Автор книги: Валерий Заморин
Жанр: Современная русская литература, Современная проза
Возрастные ограничения: +18
сообщить о неприемлемом содержимом
Текущая страница: 1 (всего у книги 12 страниц) [доступный отрывок для чтения: 3 страниц]
Валерий Заморин
Записки русского, или поклонение Будде
«Спокойным, чистым, сверкающим выглядишь ты, Сарипутта. Откуда ты идешь?» – «Я был один, Ананда, в мысленном экстазе… пока я не поднялся над восприятием внешнего мира в бесконечную сферу познания, и она, в свою очередь, не растаяла, превратившись в ничто. Пришло прозрение, и я различил небесным зрением путь мира, стремления людей и их появление на свет – прошлое, настоящее, будущее. И все это возникло во мне и прошло без единой мысли о превращении в “Я” или превращении во что-либо, к нему относящееся».
Из Типитаки
1
– На допросе Емельян Пугачев отвечал: «Богу угодно было наказать Россию через мое окаянство». Кто нынче скажет: «Через мое окаянство»? – Куприян взял со стола газету, стал читать вслух:– «В одной только Москве в прошлом году убиты собственными родителями 216 детей в возрасте до четырех лет.

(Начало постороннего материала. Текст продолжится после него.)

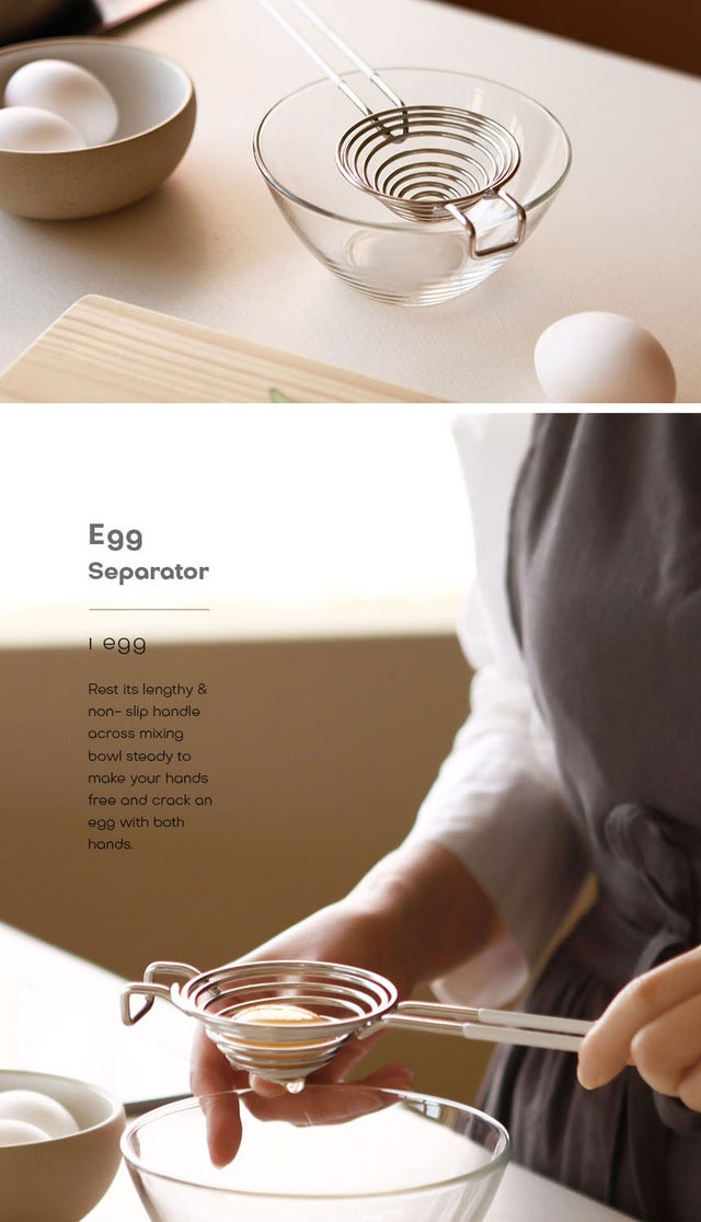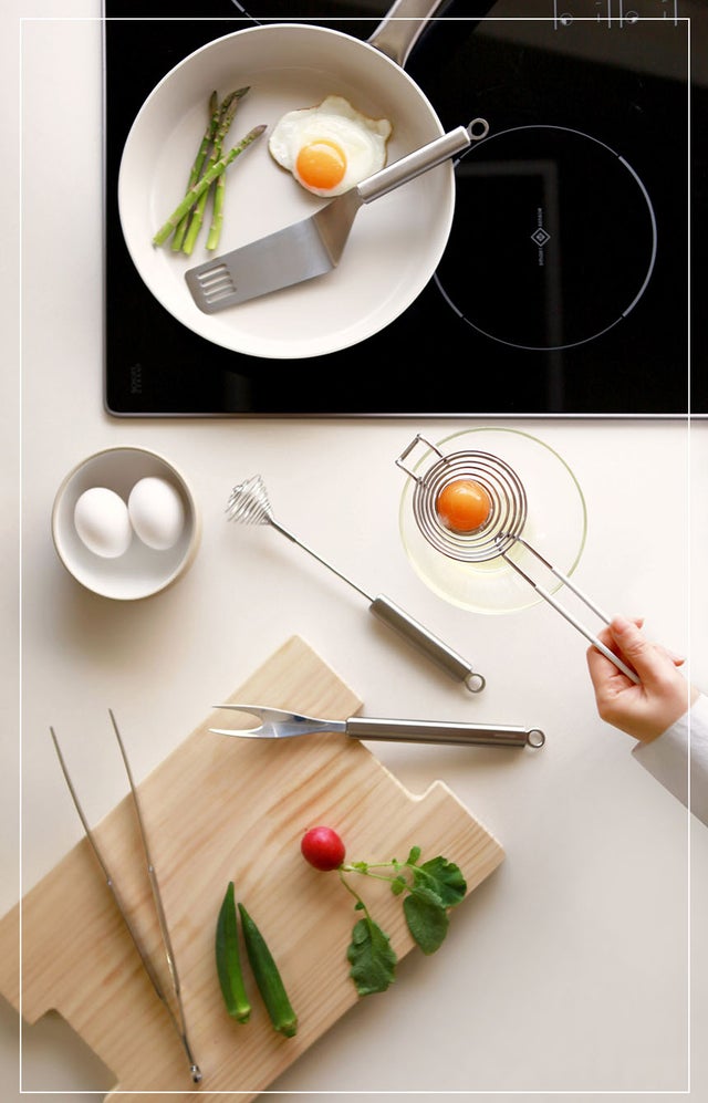 元々持っている調理道具もあると思うので、黄身わけ器やサービングフォークのような特化した調理器具を紹介したいと思っていましたが、今回はユニークで実用的な調理器具を皆さまにご紹介することができてとても嬉しいです。 セットで備えておけば、目玉焼きやパスタなどの麺料理、ピザ、茹で肉、焼き芋、蒸しトウモロコシなど、できる料理が増え、料理のレパートリーがはるかに豊かになると思います。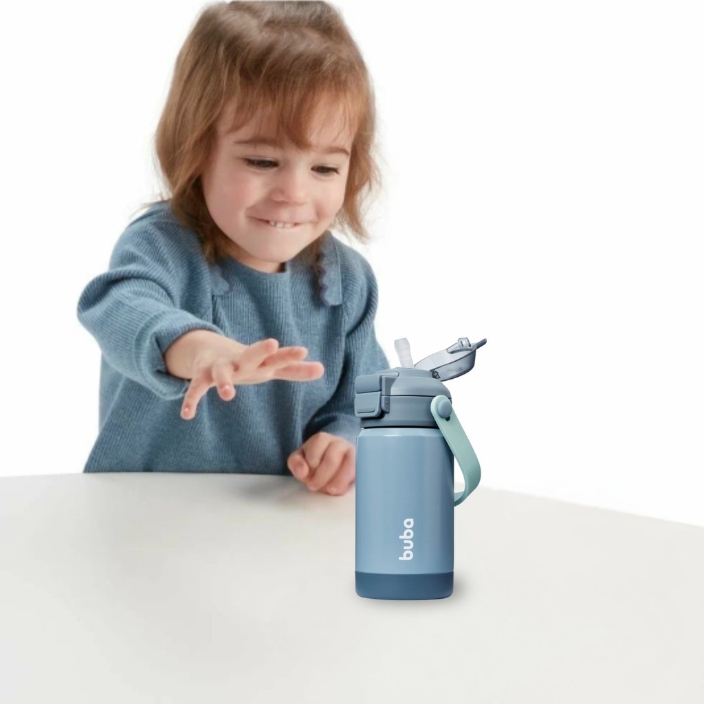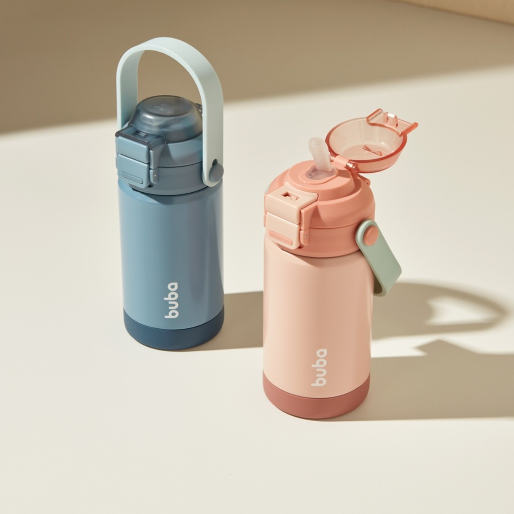 Garrafa Térmica Inox Parede Dupla Bico Ou Canudo 360ml Buba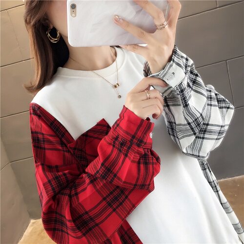 2021 spring new hooded sweater women's spring and autumn thin section fat mm large size loose medium and long plaid stitching top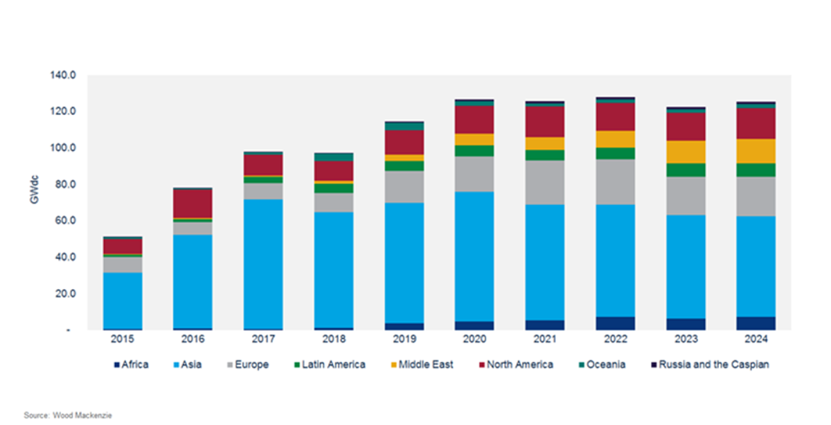 Como Wood Mackenzie ha señalado en su informe 'Actualización de las perspectivas del mercado mundial de la energía solar fotovoltaica: 2º trimestre de 2019’, el mercado está ahora de nuevo en una trayectoria de crecimiento fuerte tras una desaceleración en 2018. Las instalaciones anuales a partir de 2020 alcanzarán un ritmo de unos 125 GW anuales.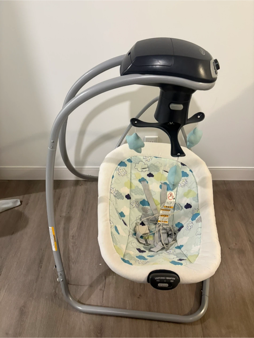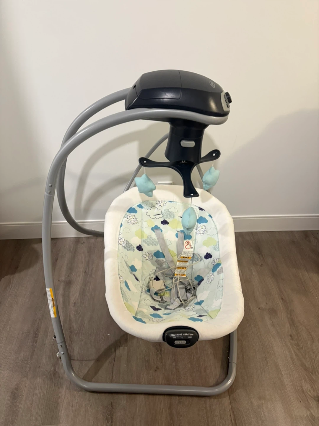 This Graco baby swing provides a safe and soothing space for your little one. It features multiple speed settings and a gentle vibrating function to help calm your baby. The cute cloud and blue pattern on the seat is lovely. It's perfect for keeping your baby content and relaxed!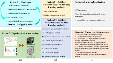 从高分辨率自动提取建筑物对于广泛的应用来说仍然具有挑战性。之前的研究已经回顾了建筑提取方法,但深度学习(DL) 的快速发展凸显了针对 HRSI 应用进行更新回顾的必要性。因此,我们回顾了 243 篇论文,以确定未来的研究趋势,并强调基于 HRSI 的建筑物提取的五个关键挑战:复杂的边界优化、形状和光谱变化、样本不足、树木和阴影干扰以及轻量级模型应用。随后,我们利用先进的深度学习技术探索了五个相应的机会。现有方法主要分为两大类:基于非深度学习 (NDL) 的方法和基于 DL 的方法。这些进一步细分为四大类:传统方法、基于机器学习的方法、基于语义分割的方法和基于向量的方法,并根据其基本原理进行详细讨论。此外,我们还介绍了几个实际应用并介绍了 10 个公开可用的基准。我们使用三个公共数据集:WHU、马萨诸塞州和 WHU Satellite I 建筑数据集,对九种代表性方法以及我们提出的多并行视觉 Mamba 网络 (MVMNet) 进行了全面评估。在这些方法中,HD-Net 和 MSSDMAP-Net 在解决与复杂边界相关的挑战方面表现出卓越的性能,而 BuildFormerSegDP 和 CBRNet 在减轻树木遮挡的影响方面表现出增强的有效性。值得注意的是,MVMNet 在解决与建筑物内光谱异质性相关的挑战方面优于其他方法,分别实现了 0.9076、0.7376 和 0.6612 的最佳交并集 (IoU) 值。最后,我们探索了一系列有前景的研究方向,并为未来的研究人员提供参考和见解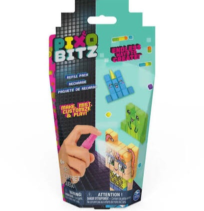 Make even more amazing Pixobitz creations with the Refill Pack! This DIY pack has everything you need to make your own 3D and 2D pixel art creations that stick together with water. The Refill Pack includes 270 Bitz (cube-shaped water fuse beads) in 10 colors, five accessories, over 100 water transfer decos, an easy-to-use spray bottle tool, a tray and three template cards. Start the building fun straight out of the pack or combine with the Pixobitz Studio (sold separately)! Following the templates in this bead kit, make six amazing end results, including an avatar, bunny, frog, unicorn, skateboard, and cereal box or design your own unique creations. Creating with Pixobitz is as easy as stack, spray, and style! Slide a template under the tray and place your Bitz on top – the square design makes them easy to stack, preventing them from rolling away. Mist each layer, then style your creation!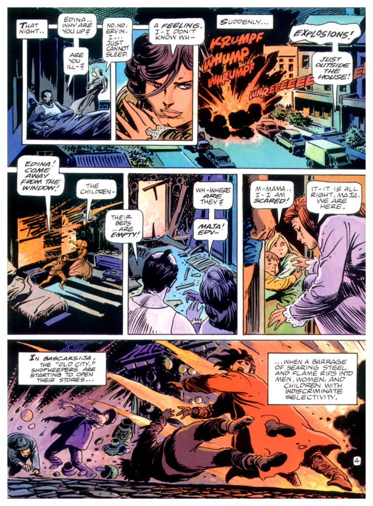 A lo largo del cómic Kubert deja constancia de los múltiples e infructuosos intentos de los amigos y colegas de Ervin por sacar a la familia Rustemagic del infierno de Sarajevo, convertida también en un limbo burocrático; y de la solidaridad surgida entre vecinos y conciudadanos para lidiar con la tragedia que se cernía sobre sus vidas.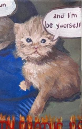Drefahl said she tries to pick out subject matter based on how accessible and comprehensible the meme is for a general audience. One painting of hers that didn’t make the cut depicted a girl dressed as an Oompa Loompa from the Glasgow Willy Wonka experience, which she said she felt was too niche.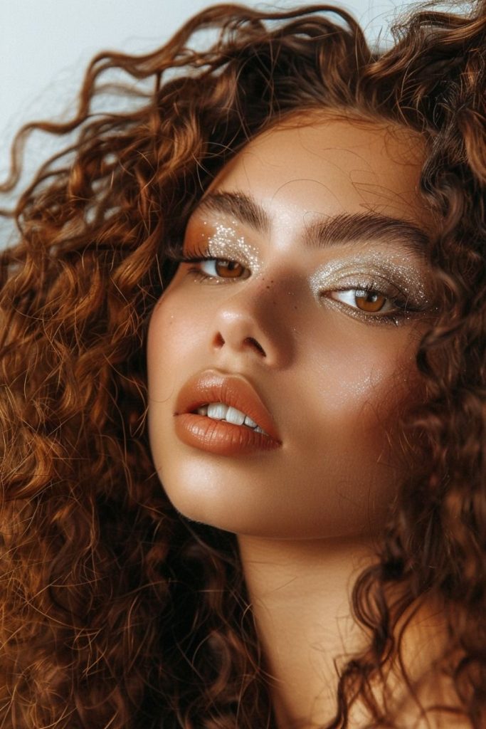 This soft silver shine makeup is the ideal choice for those who want a subtler but still equally festive appearance. The step of applying silver glitter on the eyelids in a very discreet manner adds sparkle to your makeup without making it look too much. This look is for those who would rather have a festive gathering with a more simple style. It is unique with its effect on the brown eyes, giving a chance to their original heat to shine. A brief tutorial can help you with the process of making this easy and chic look.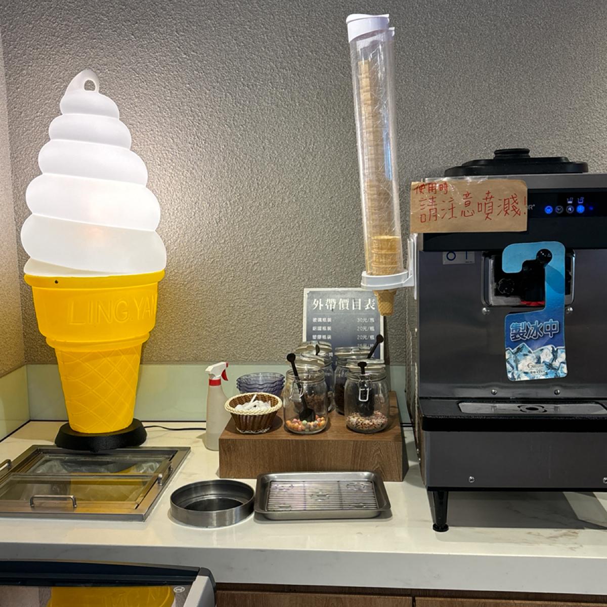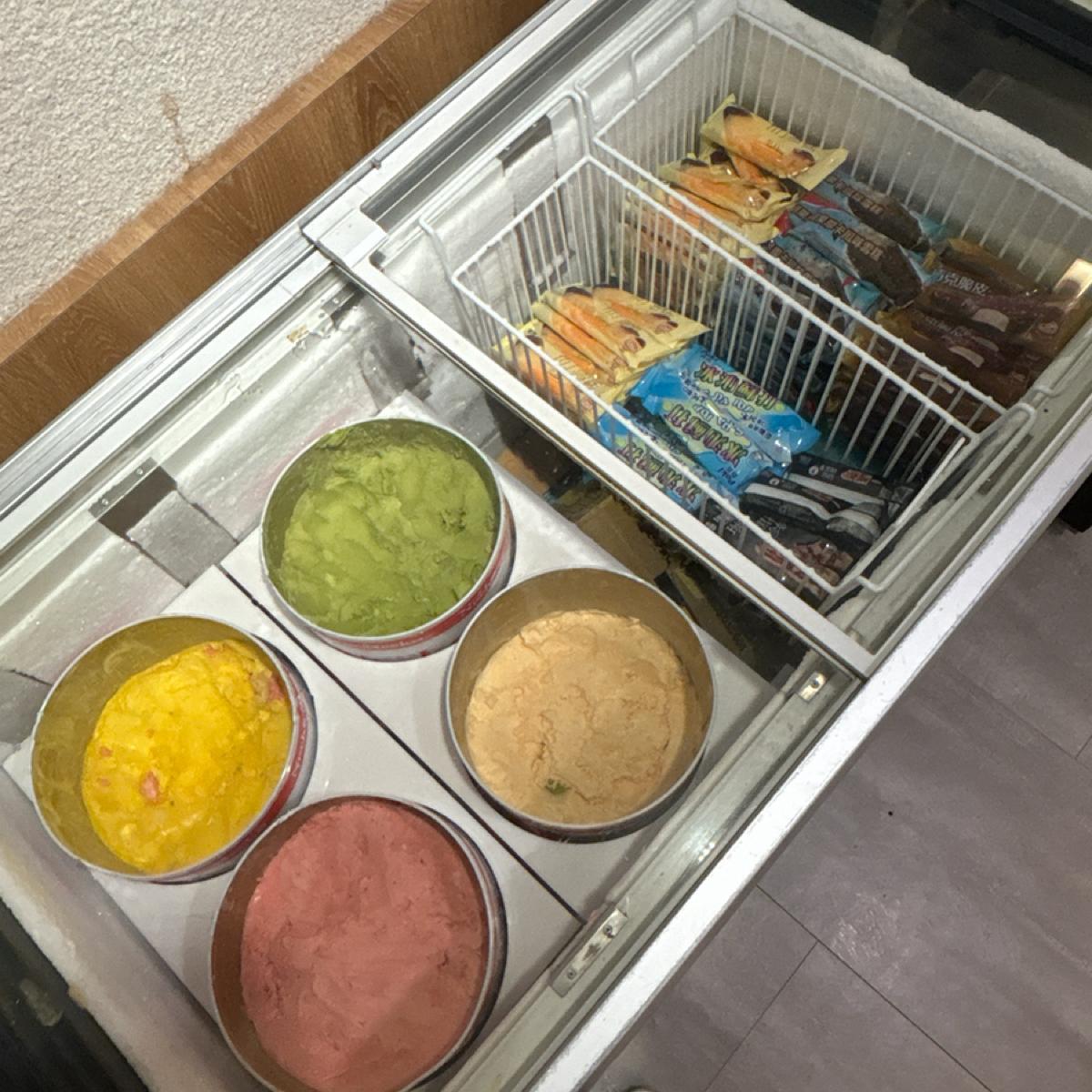 フルーツ、自己サーブのソフトクリーム、桶入りアイスクリーム、各種ブランドのアイスキャンディ、小さなケーキ、かき氷、タピオカミルクティー、プリン、中華豆花、綿菓子...など。
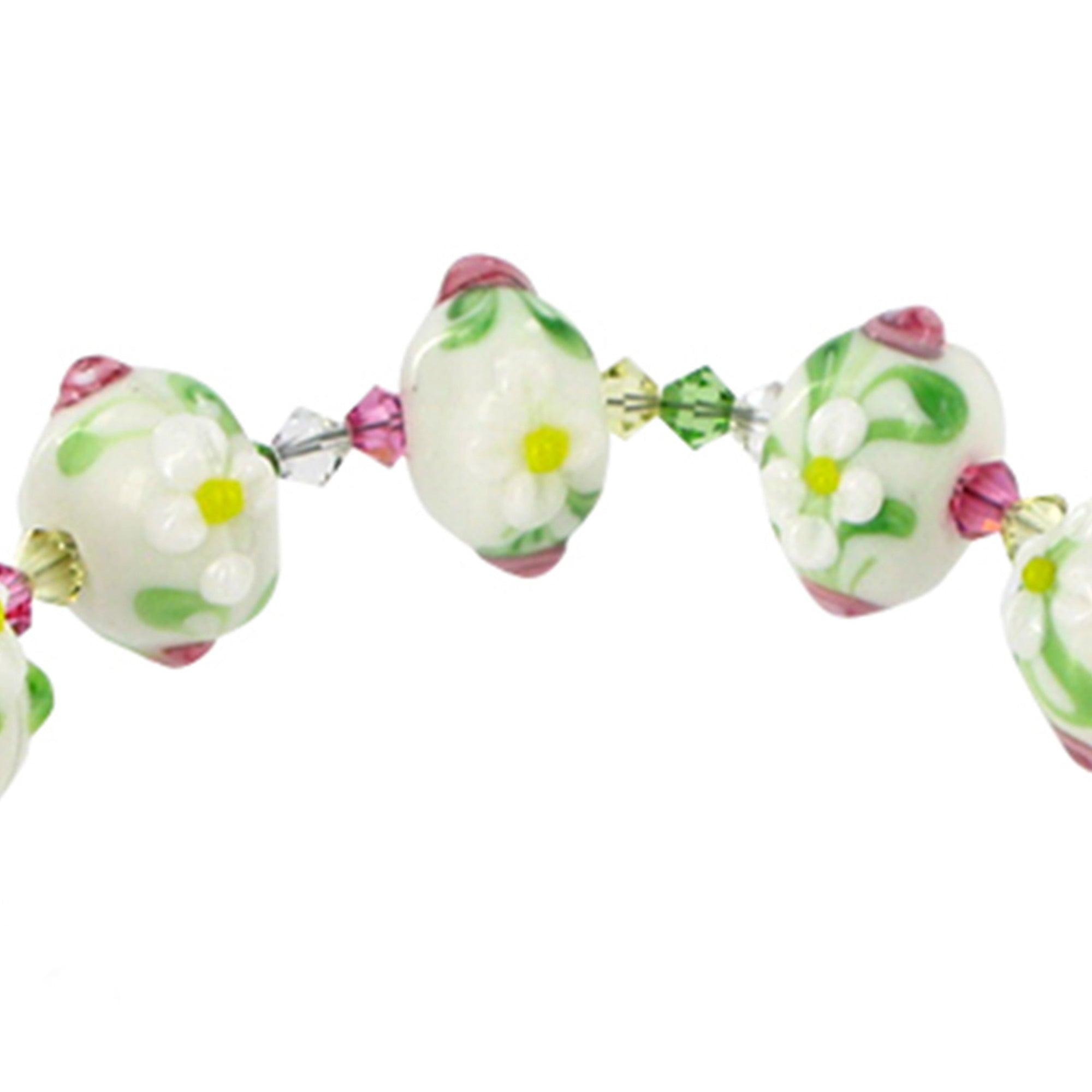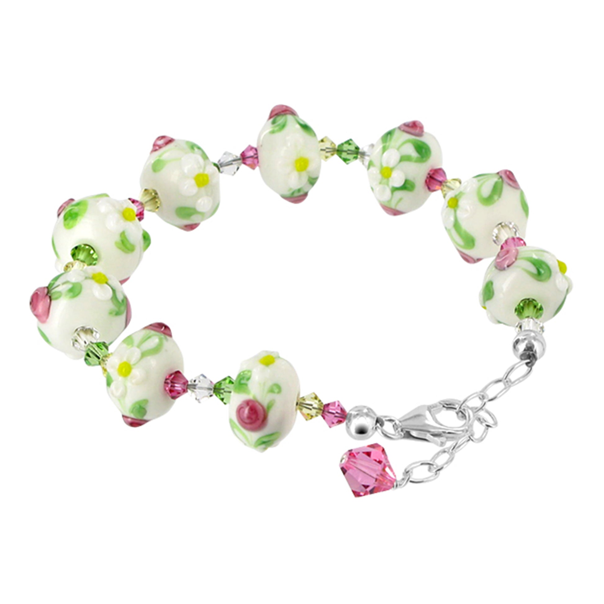 Handcrafted blown glass adorned with vibrant multicolor Austrian crystals is set in genuine 925 sterling silver. The bracelet is lightweight at only 0.025 gram, offering a comfortable feel while showcasing exquisite sparkle.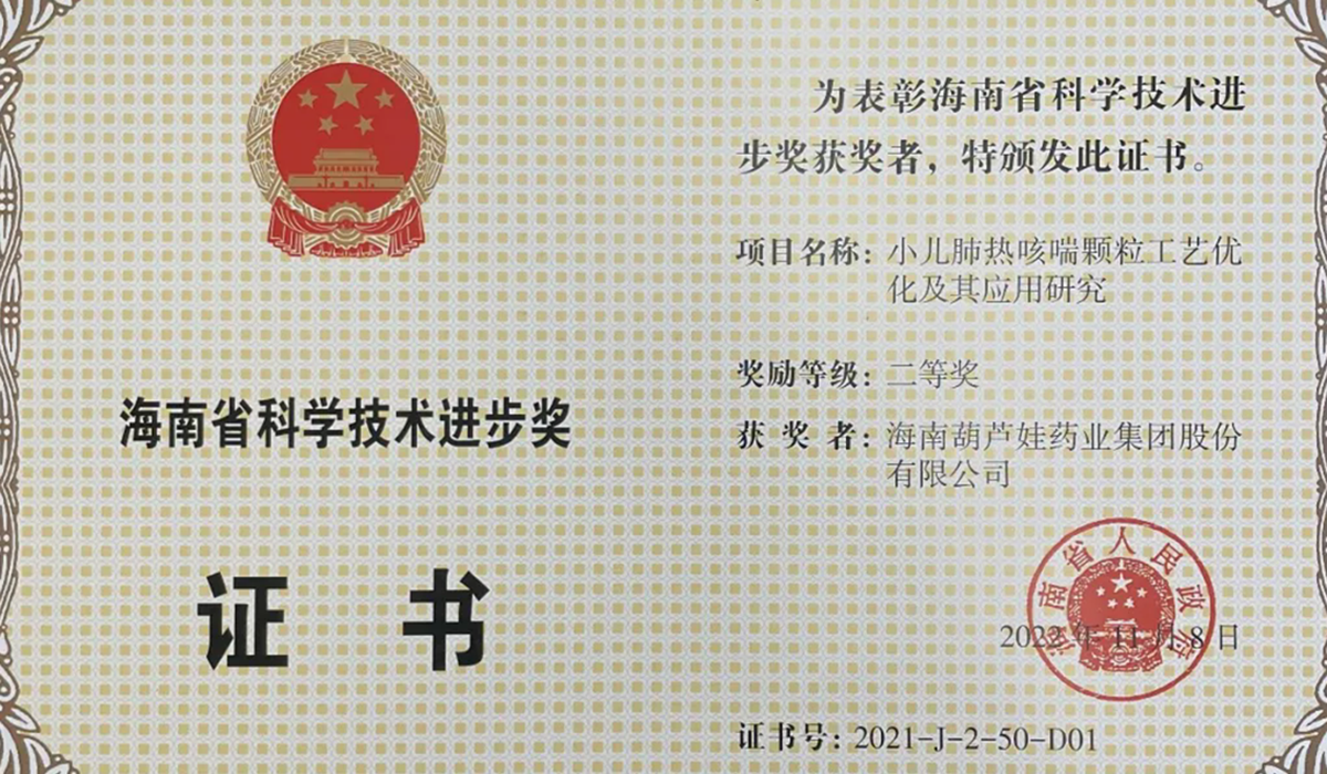 尊龙卡Z6药业集团申报的专利“克咳片及其制备方法”荣获 第四届海南省专利奖金奖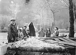 Nuxálk people gathered around an eulachon stink box near the Bella Coola River.

В возрасте от пяти до девяти лет 171 ребенок – взрослыми, подростками или сверстниками. 630 – столько умерли от убийств или самоубийств подростков в возрасте от десяти до четырнадцати лет». – Куприян положил газету, взгляд его синих миндалевидных глаз устремился куда-то вверх, стал отрешенным.
– Офицер, вернувшийся из Чечни, – сказал Николай, – рассказывал мне, что ему приходилось чуть ли не ежедневно разминировать в грозненском морге трупы русских солдат – боевики начиняли их минами. Меня поразил равнодушно-будничный тон, каким он говорил об этом, полное отсутствие эмоций. «Машина с железным безразличием выполняет любую работу», – подумал я.
– При подобной работе эмоции – опасное излишество, – сказал Филипп. – Все правильно, други мои, все закономерно: мы, русские, надо честно признать, дерьмовыми экспериментами над собой вполне добросовестно заслужили собственную долюшку-судьбинушку. И нечего, как говаривали в старину, вопиять и стенать – не лучше ли нам вновь призвать князя Рюрика со дружиною? – Филипп усмехнулся, покачал головой. – Бедные люди в бедной стране, покрытой снегом и льдом; никогда, мне думается, на ее огромных евразийских просторах не восторжествует мудрость. Что-то всегда толкает нас то в одну, то в другую бездну.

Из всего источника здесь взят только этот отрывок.